From the records below, print only the part that opens with the line containing "火眼没有检测出QtScrcpy这个软件,我们利用everything查找一下" and closes with the line containing "Sale Sharks have"; omit the pictures.

→ **Input**:
===============

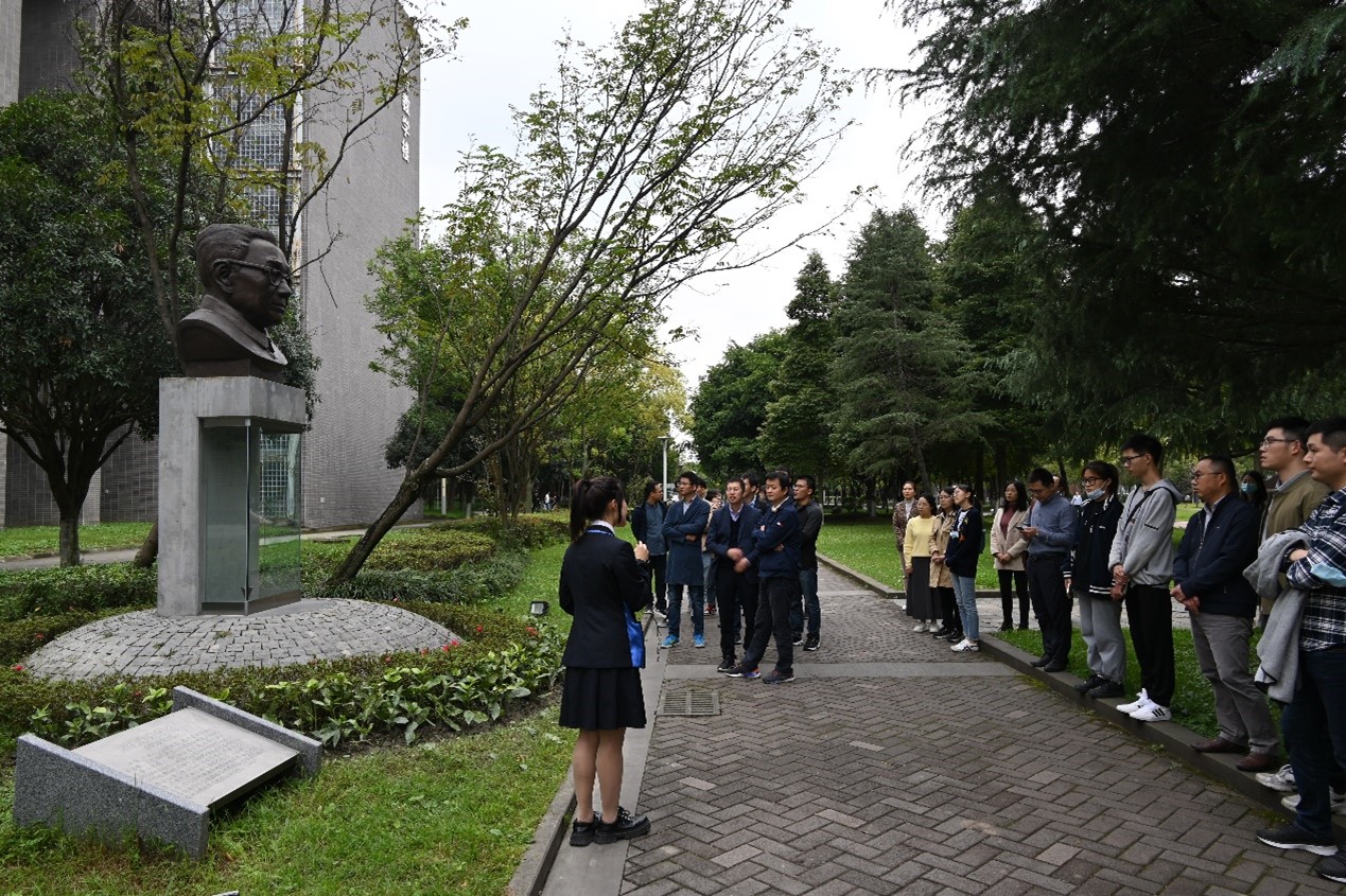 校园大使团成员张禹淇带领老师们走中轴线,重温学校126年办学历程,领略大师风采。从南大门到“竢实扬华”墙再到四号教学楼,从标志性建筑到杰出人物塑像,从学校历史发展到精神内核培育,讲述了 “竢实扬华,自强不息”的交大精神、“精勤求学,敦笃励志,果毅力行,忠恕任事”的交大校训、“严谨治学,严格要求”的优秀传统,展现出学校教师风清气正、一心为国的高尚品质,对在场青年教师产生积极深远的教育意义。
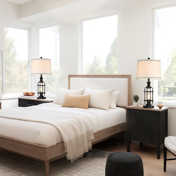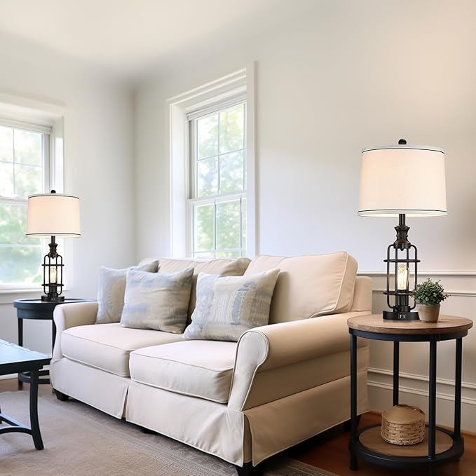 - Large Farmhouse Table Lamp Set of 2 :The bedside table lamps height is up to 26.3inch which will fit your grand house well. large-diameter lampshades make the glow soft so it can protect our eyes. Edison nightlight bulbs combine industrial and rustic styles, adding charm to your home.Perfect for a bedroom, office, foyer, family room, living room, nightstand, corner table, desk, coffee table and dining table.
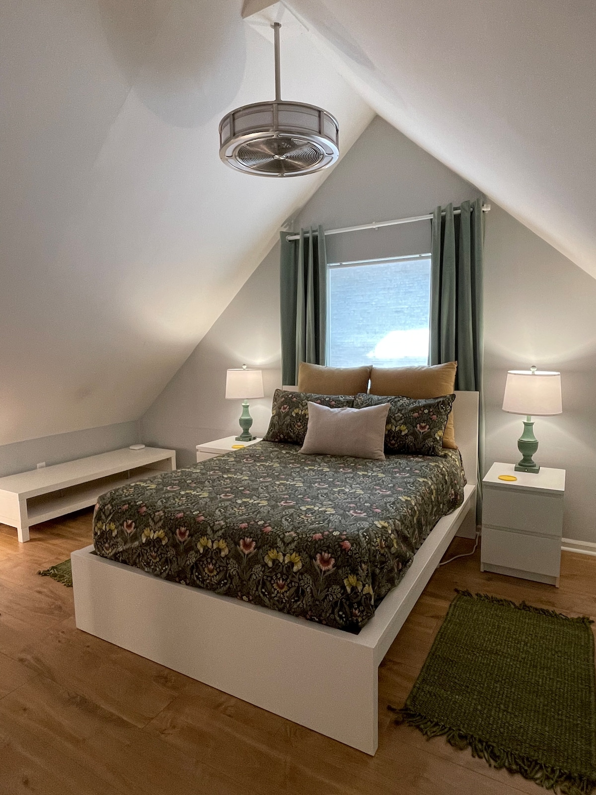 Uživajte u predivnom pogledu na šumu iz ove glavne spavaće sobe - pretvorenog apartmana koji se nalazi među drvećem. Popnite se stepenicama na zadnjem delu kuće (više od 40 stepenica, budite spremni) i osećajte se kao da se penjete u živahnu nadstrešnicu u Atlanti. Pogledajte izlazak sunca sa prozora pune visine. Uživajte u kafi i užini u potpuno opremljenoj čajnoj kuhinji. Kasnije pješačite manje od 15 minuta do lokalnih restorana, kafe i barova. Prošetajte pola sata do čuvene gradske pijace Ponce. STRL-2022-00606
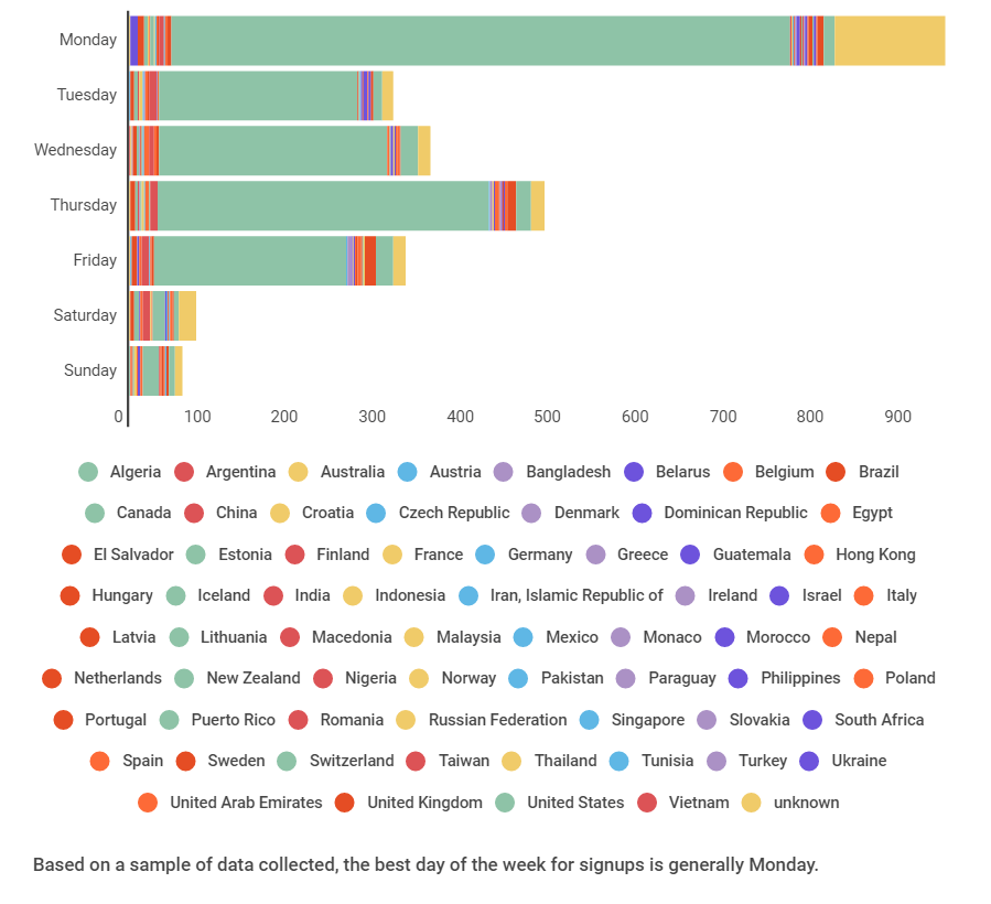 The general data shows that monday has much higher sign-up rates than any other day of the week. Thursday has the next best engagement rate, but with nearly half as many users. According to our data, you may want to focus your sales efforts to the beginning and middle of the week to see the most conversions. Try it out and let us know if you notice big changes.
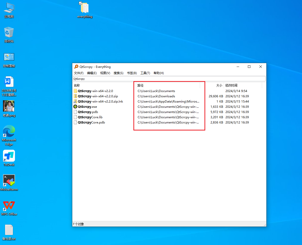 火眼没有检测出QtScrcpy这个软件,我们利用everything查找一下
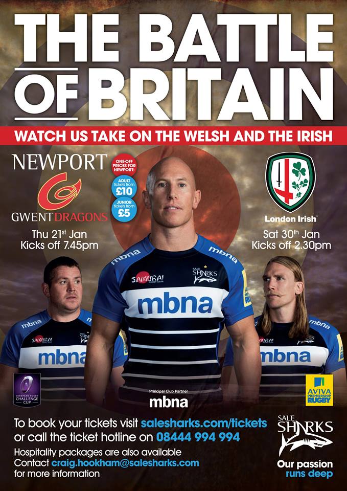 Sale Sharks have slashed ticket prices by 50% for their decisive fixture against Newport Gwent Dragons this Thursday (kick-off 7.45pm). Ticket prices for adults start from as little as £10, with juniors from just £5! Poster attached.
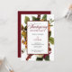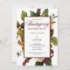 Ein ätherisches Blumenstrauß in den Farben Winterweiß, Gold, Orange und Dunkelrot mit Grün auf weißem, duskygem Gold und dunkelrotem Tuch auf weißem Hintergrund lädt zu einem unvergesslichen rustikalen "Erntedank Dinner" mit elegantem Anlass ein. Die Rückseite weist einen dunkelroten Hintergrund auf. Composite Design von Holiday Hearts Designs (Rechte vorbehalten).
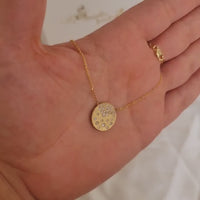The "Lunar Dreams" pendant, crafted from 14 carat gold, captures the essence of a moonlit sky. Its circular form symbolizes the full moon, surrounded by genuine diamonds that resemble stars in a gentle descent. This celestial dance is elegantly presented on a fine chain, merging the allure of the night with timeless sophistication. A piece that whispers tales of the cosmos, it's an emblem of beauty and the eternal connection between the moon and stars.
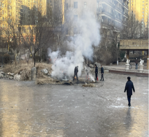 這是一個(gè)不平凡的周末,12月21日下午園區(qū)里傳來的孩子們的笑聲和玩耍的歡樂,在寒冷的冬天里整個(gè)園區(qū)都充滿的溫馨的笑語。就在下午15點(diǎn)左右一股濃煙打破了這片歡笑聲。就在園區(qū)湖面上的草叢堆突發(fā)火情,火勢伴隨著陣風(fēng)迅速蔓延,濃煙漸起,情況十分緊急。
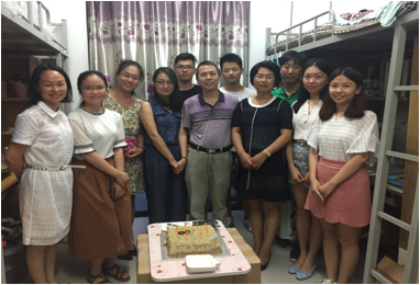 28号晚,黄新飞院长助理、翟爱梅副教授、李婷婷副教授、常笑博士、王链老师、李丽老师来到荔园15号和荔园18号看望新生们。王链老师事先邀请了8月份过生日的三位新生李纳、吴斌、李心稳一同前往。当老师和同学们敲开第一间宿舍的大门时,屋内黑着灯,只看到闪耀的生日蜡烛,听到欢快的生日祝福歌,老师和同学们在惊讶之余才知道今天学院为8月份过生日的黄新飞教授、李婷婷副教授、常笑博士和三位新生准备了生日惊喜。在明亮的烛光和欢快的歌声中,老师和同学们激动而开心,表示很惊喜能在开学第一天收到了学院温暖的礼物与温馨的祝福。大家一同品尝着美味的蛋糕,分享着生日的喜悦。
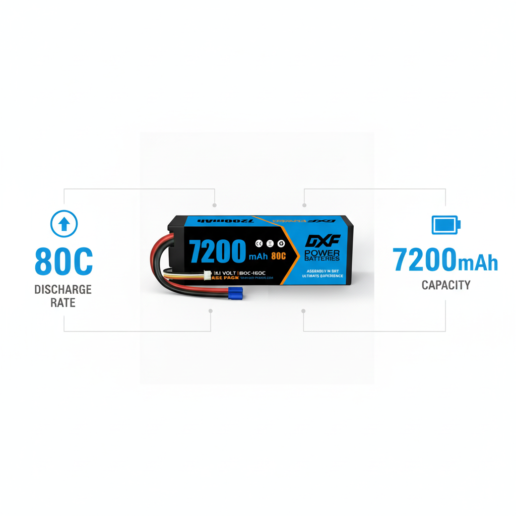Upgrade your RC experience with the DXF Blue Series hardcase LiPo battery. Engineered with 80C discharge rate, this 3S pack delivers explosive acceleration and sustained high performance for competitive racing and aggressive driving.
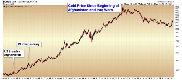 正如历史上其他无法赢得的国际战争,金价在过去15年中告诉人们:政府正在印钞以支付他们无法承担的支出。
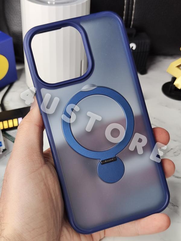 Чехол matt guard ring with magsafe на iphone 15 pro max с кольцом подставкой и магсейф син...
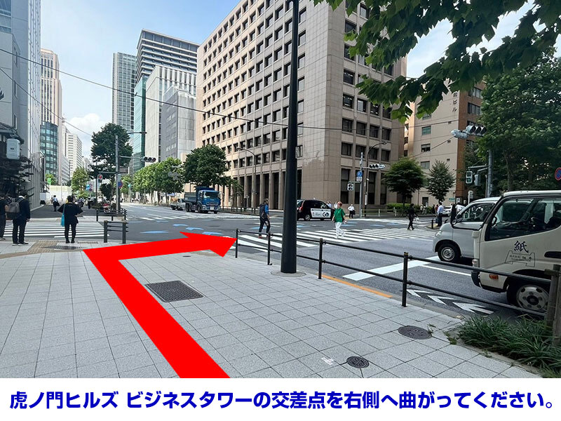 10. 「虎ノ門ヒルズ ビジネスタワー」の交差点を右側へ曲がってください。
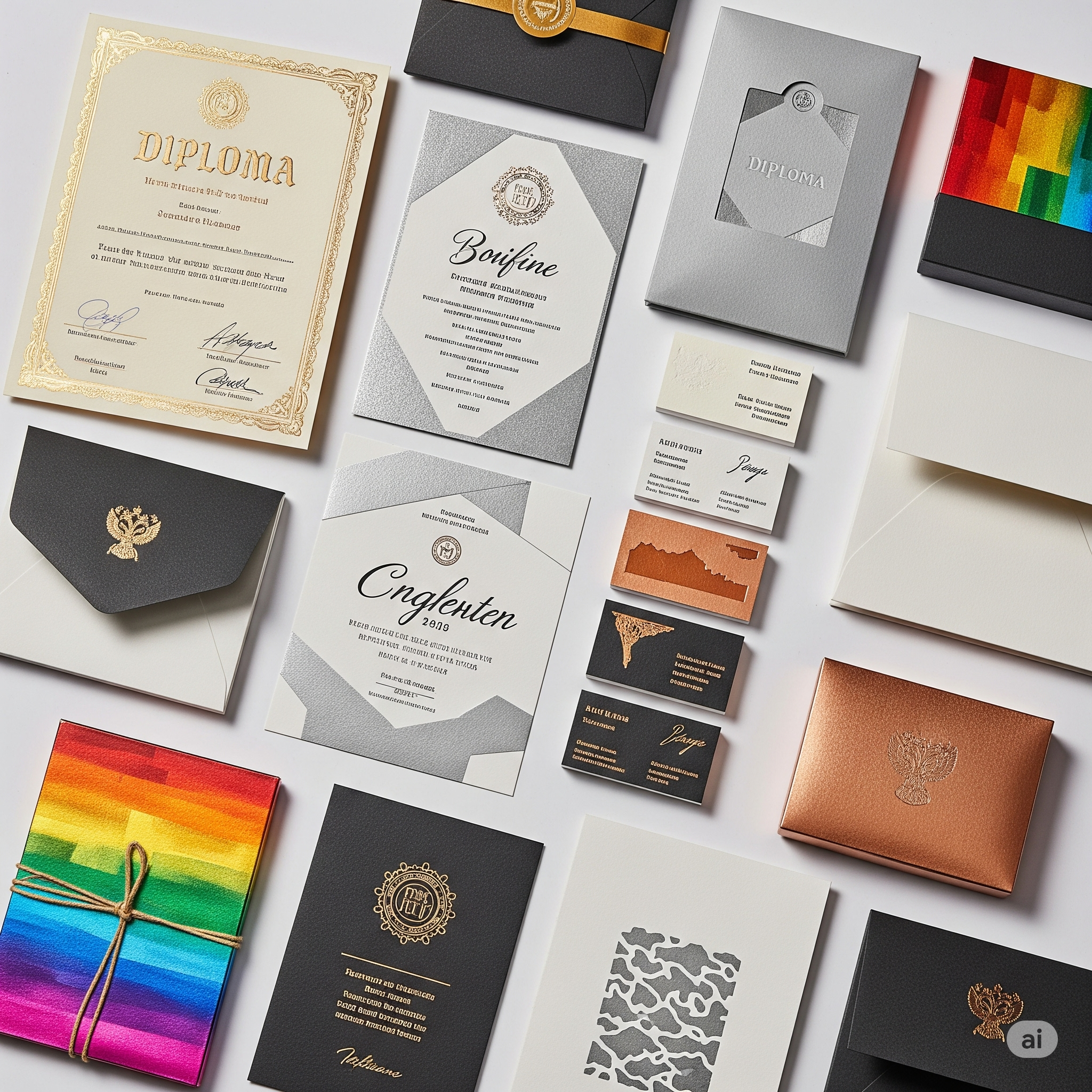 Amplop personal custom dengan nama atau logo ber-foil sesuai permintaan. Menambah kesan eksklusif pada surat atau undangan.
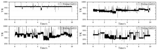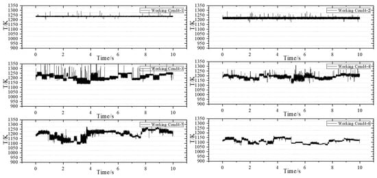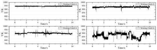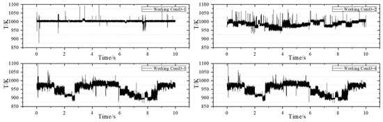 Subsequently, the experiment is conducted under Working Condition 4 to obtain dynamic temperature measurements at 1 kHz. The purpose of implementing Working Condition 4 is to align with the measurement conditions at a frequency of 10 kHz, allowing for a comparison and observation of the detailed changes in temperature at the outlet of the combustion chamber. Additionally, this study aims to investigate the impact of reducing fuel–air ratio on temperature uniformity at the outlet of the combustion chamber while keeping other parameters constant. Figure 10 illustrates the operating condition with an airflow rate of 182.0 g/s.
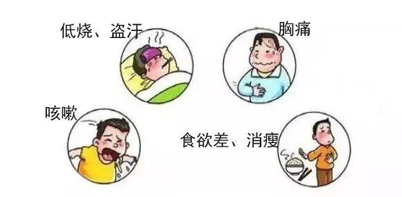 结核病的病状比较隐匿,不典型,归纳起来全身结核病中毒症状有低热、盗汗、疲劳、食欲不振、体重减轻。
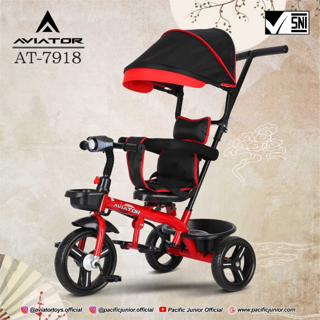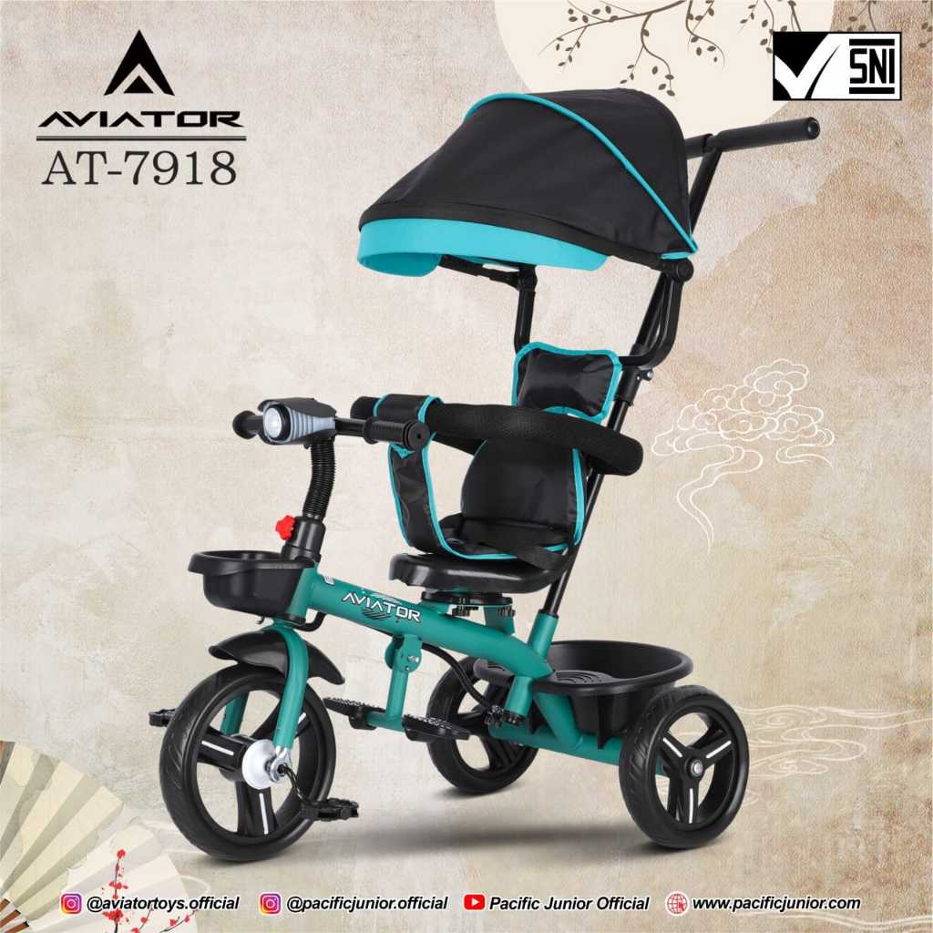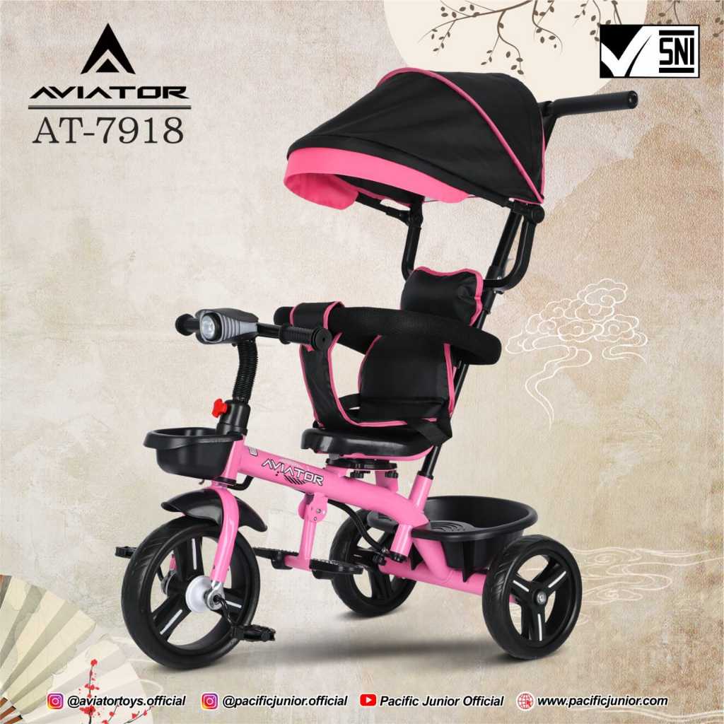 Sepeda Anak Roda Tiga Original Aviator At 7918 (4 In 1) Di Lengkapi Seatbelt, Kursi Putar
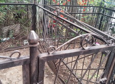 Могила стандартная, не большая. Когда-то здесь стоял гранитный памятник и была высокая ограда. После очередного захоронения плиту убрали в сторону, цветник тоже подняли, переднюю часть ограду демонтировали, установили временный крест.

===============

→ **Output of the task**:
 火眼没有检测出QtScrcpy这个软件,我们利用everything查找一下
 Sale Sharks have slashed ticket prices by 50% for their decisive fixture against Newport Gwent Dragons this Thursday (kick-off 7.45pm). Ticket prices for adults start from as little as £10, with juniors from just £5! Poster attached.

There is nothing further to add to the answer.